Exploitation of Simple Classification and Space Created by the Tumor for the Treatment of Foramen Magnum Meningiomas.

OBJECTIVE The resection of foramen magnum meningiomas (FMMs) presents neurosurgical challenges. We propose a simple classification of the tumor location and the operating space created by the tumor to help treatment planning. METHODS We retrospectively analyzed 16 FMMs and divided them into 3 groups based on the tumor location--clival, foraminal, and atlantal tumors.

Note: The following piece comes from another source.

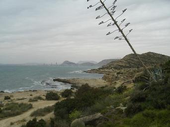 Keywords: Cala Palmera Alicante.JPG Cala de la Palmera Cap de l'Horta Alacant Vista general de la Badia d'Alacant Cala de la Palmera en el Cabo de las Huertas Alicante 2006-04-11 own assumed Kasiber Beaches of Alicante Landscapes of the Land of Valencia Bays of the Land of Valencia Cap de l'Horta |
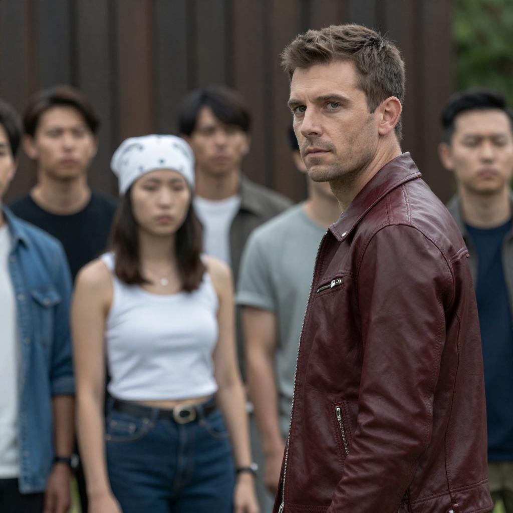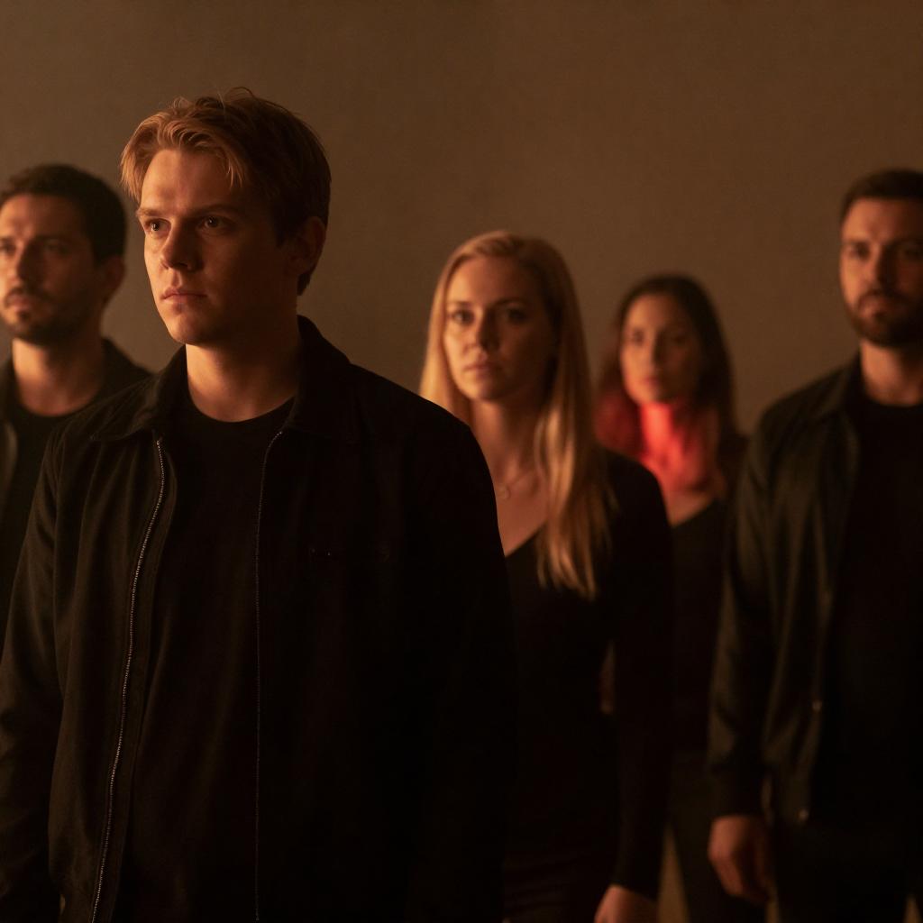 Photograph of a dimly lit group of five people. A young man with short, light brown hair in a black jacket stands in the foreground, slightly left. Behind him, a blonde woman with long hair and a dark top, a woman with brown hair and a red glow, and two men with beards are visible. Warm, orange lighting creates a moody atmosphere.

The distance between the condyle and the neuraxis at the level of the foramen magnum was measured and defined as the available operative space (AOS). We also reviewed intraoperative video recordings to assess the surgical exposure of the tumor by the space created by the FMM and compared it with the AOS. RESULTS There were 4 clival, 8 foraminal, and 4 atlantal tumors. The AOS of the clival tumors was 10 mm ± 1.7, the AOS of the foraminal tumors was 18 mm ± 3.7, and the AOS of the atlantal tumors was 12 mm ± 2.1. All foraminal and atlantal tumors could be detached without a brain retractor. Because a major portion of the clival tumors was covered by the spinomedullary junction, a brain spatula was needed to obtain the required surgical space. The difference in AOS between clival and foraminal/atlantal tumors was statistically significant (P = 0.044). Although 4 patients experienced postoperative complications, the average postoperative Karnofsky performance scale score improved. The surgical complication rate was significantly lower in foraminal and atlantal FMMs than in clival FMMs (P = 0.027). CONCLUSIONS The simple classification of the tumor location helped to assess surgical difficulties. Knowledge of the space created by the FMMs between the condyle and the neuraxis is useful for planning the approach strategy, especially for estimating the available working space without resection of the occipital condyle.